### EXERCISE DATA
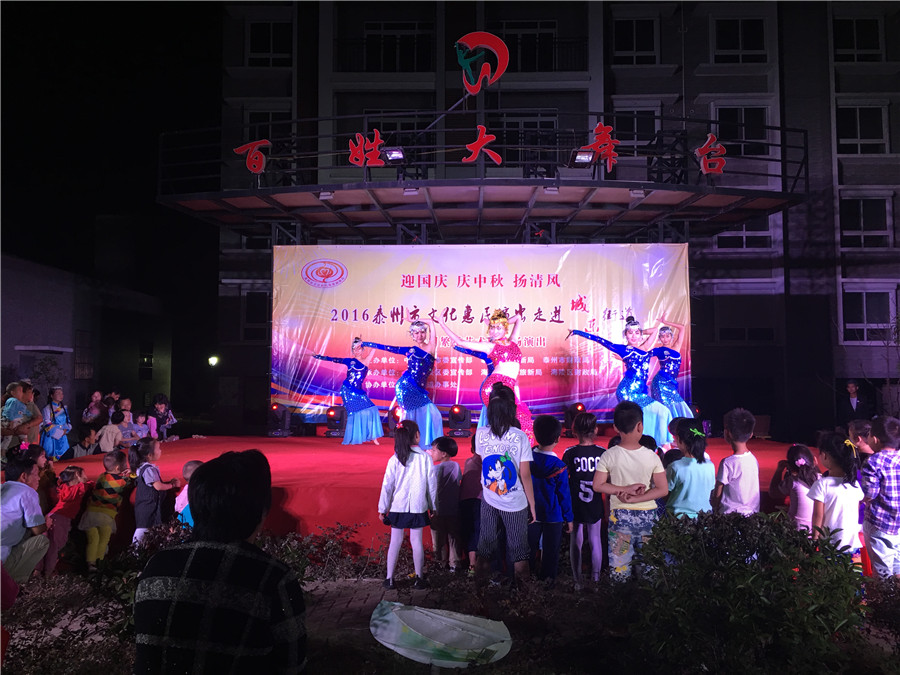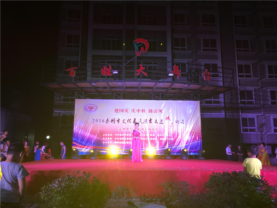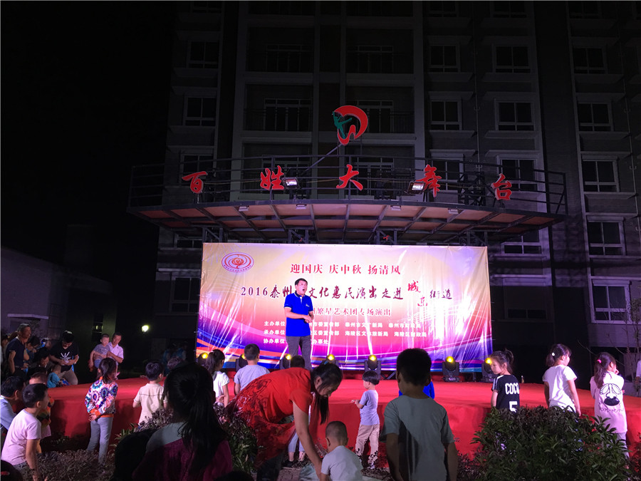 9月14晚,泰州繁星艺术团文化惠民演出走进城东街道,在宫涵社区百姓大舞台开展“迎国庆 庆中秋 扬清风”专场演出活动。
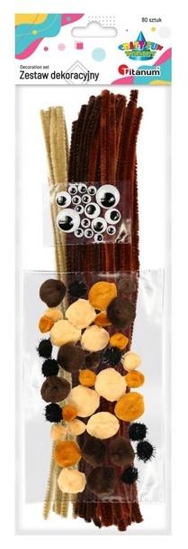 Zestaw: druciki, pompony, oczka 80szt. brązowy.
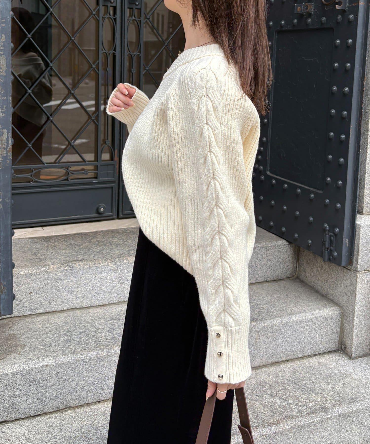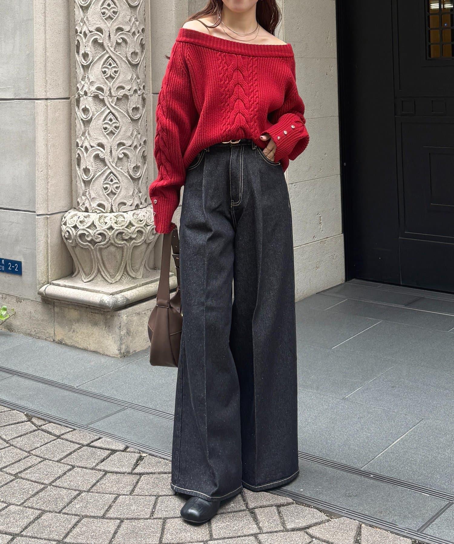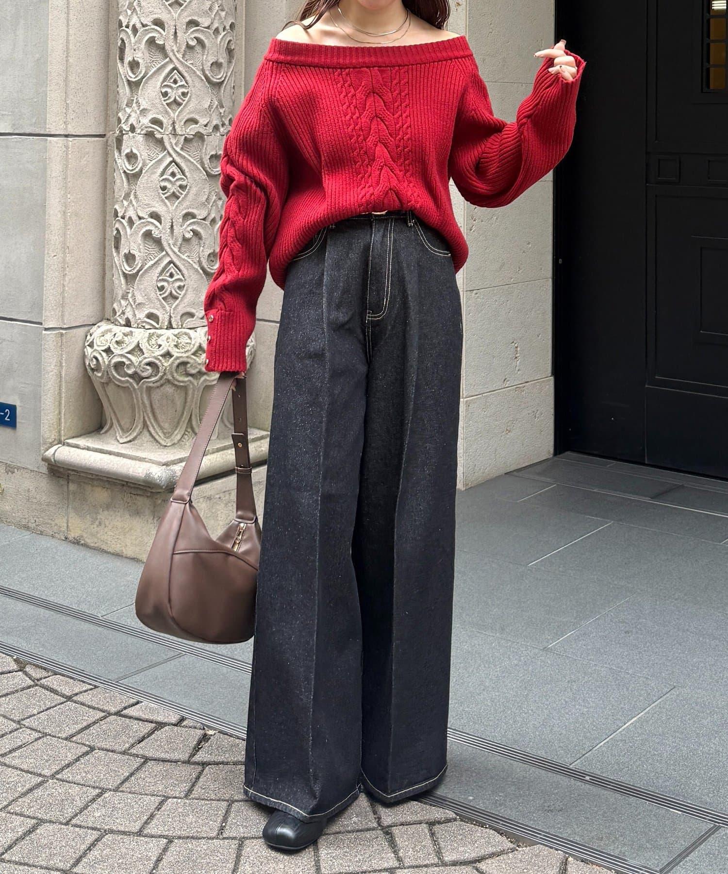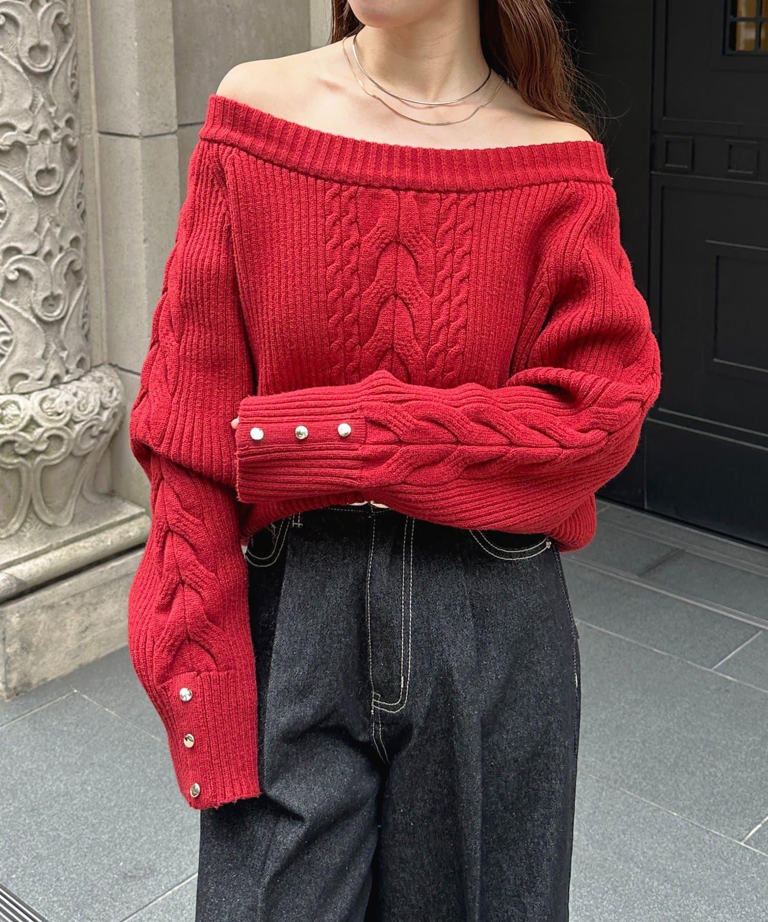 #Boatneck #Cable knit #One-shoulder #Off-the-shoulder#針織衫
---
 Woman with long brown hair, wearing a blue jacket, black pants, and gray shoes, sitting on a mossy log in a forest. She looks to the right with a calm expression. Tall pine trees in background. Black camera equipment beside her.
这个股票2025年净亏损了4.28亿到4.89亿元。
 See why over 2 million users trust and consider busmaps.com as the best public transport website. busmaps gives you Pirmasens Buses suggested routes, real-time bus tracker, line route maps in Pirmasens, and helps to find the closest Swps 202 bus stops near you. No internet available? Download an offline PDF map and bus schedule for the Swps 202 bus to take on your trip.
---
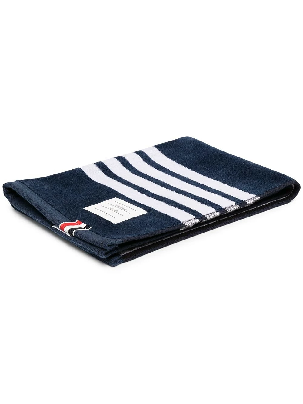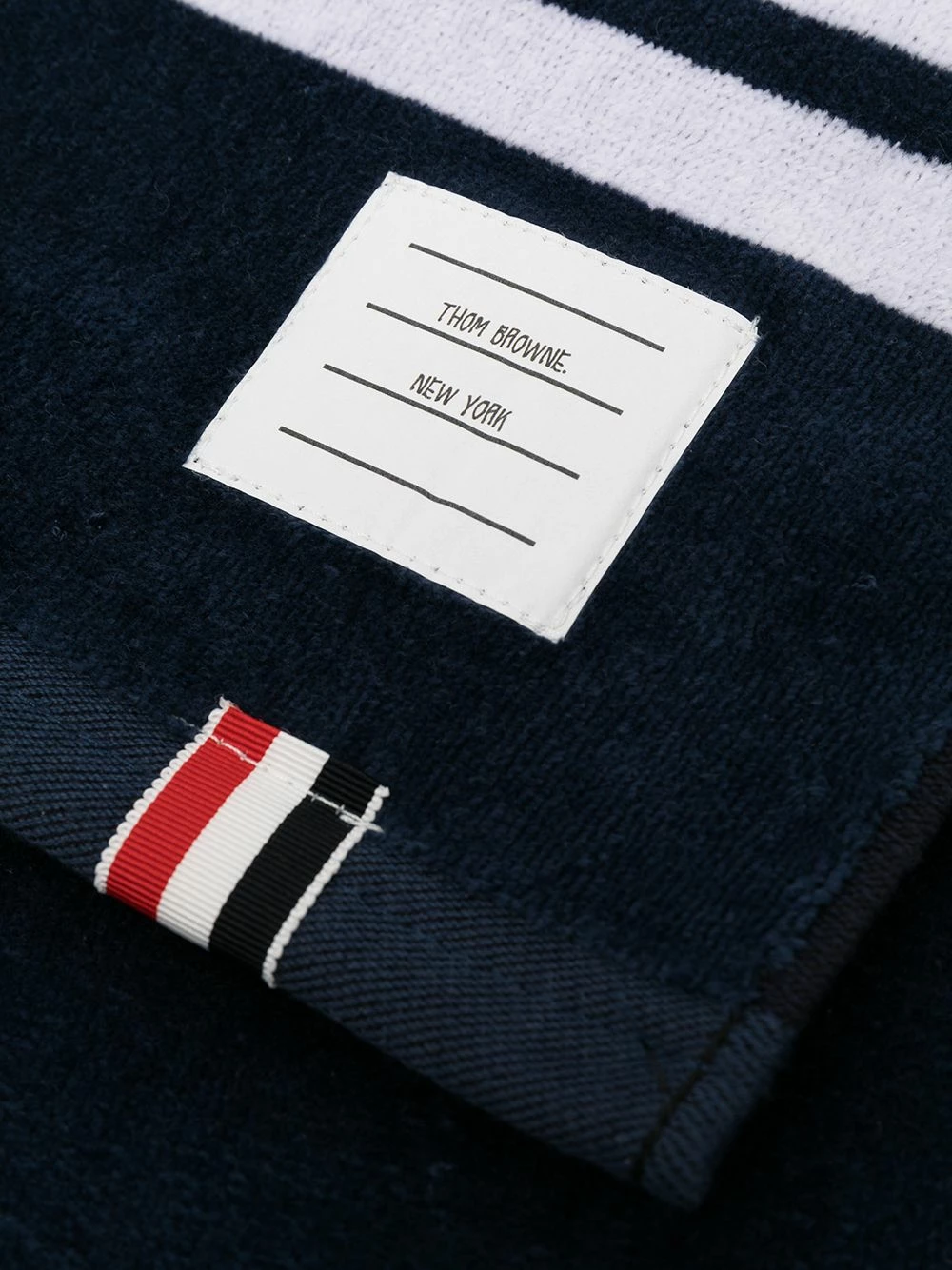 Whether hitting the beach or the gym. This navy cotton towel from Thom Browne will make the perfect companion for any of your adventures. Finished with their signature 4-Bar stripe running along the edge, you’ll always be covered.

### DESCRIPTION OF THE TASK
Range to print from the listing above: from the line with "Zestaw: druciki, pompony, oczka" up to and including the line with "#Boatneck #Cable knit". Please print those lines exactly, with no pictures and nothing more.

### RESPONSE FOR THIS EXERCISE
 Zestaw: druciki, pompony, oczka 80szt. brązowy.
 #Boatneck #Cable knit #One-shoulder #Off-the-shoulder#針織衫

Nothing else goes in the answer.